^that.
A 5 M
solar black hole smashing into the sun at pretty much any speed would destroy the solar system as we know it, though.
Depends on the disc. IIRC, some "interesting" ones have been observed with way more mass in them than they should have.
Remember, before fusion starts inside the protostar and blows the remaining gas away with solar wind and light pressures, there is a considerably greater amount of mass present than after the star ignites.
Two very massive objects will orbit each other around the system's barycenter. With a very small neutron star, and a massive protoplanetary disc, the mass difference between the two may be low enough for a stable barycentric orbit, but the gravitational effect of the neutron star companion would stretch the planetary gas disc, and make any bodies produced inside it have unusally eliptical orbits.
Even still, there might be stable configurations.
Oh, you're thinking of the cloud of gas before the star is actually formed? Sorry, I was always referring to the protoplanetary disk as the debris disk around a newly formed star. Maybe I should have not referred to it as a protostar, my fault on that one.

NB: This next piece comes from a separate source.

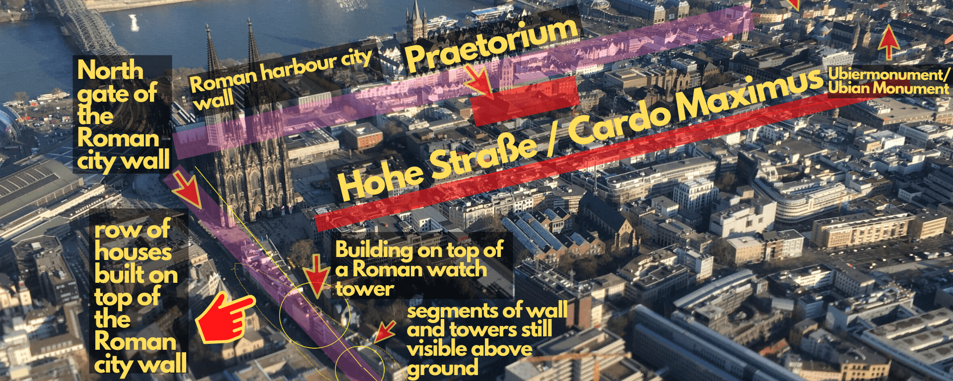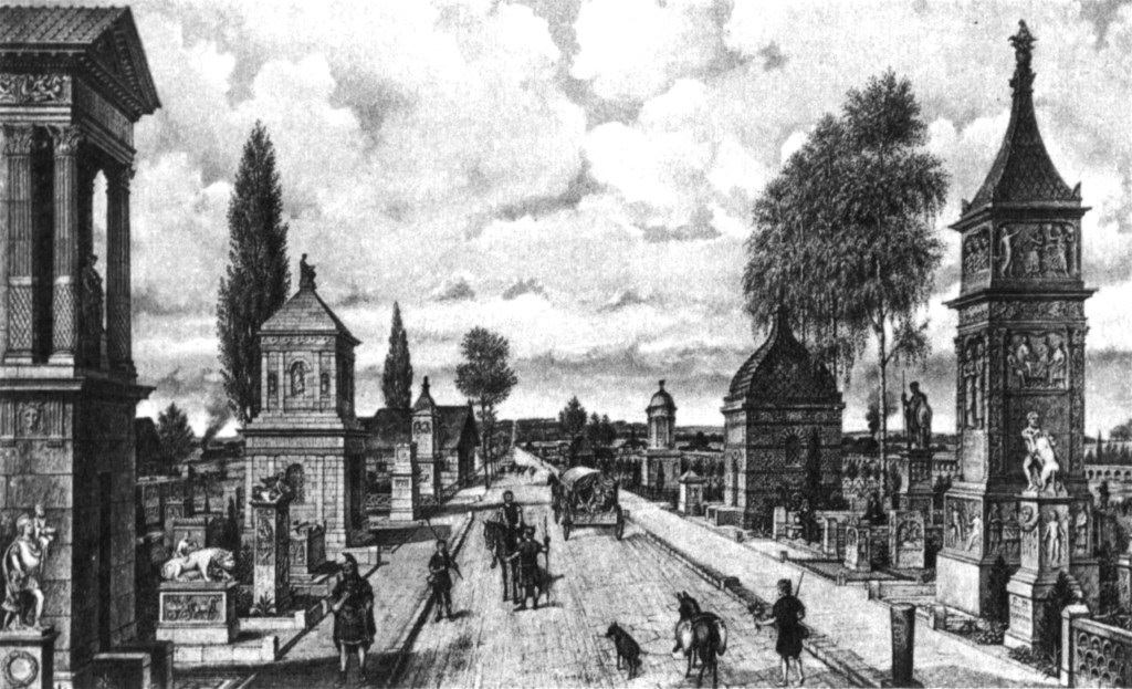 CLICK TO ENLARGE! This is the way we enter ancient Cologne from the north. The blue circle is where we walk through the northern gate. Left 1,800 years ago, on the right today. Many parts of the Roman city wall are still used as foundations. (yellow line)Reconstruction of how a Roman street to ancient Cologne might have looked like. As you can see. The tombs are right next to the street.

There are stable gas disks around binary stars, though, and they come in two types, p- and s-type. P-type disks are around both stars and s-type are around one of them with the companion star being off in the distance. Coincidentally, I just today was at my department's journal club where a guy talked about this in the form of
this paper. The paper is about a planet around a binary (p-type orbit) with an extremely circular orbit, and to answer the question of why it's so circular (it's strange since the binary stars would affect the orbit and make it eccentric by exerting a torque on the planet) they model a gas disk around the stars. The gas disk supposedly damps the effects of the binary on the planet.
Now, having two stars or one star and a neutron star would not make much of a difference if they had the same mass. So in theory you could just switch one of the stars for a NS and have the same orbital dynamics.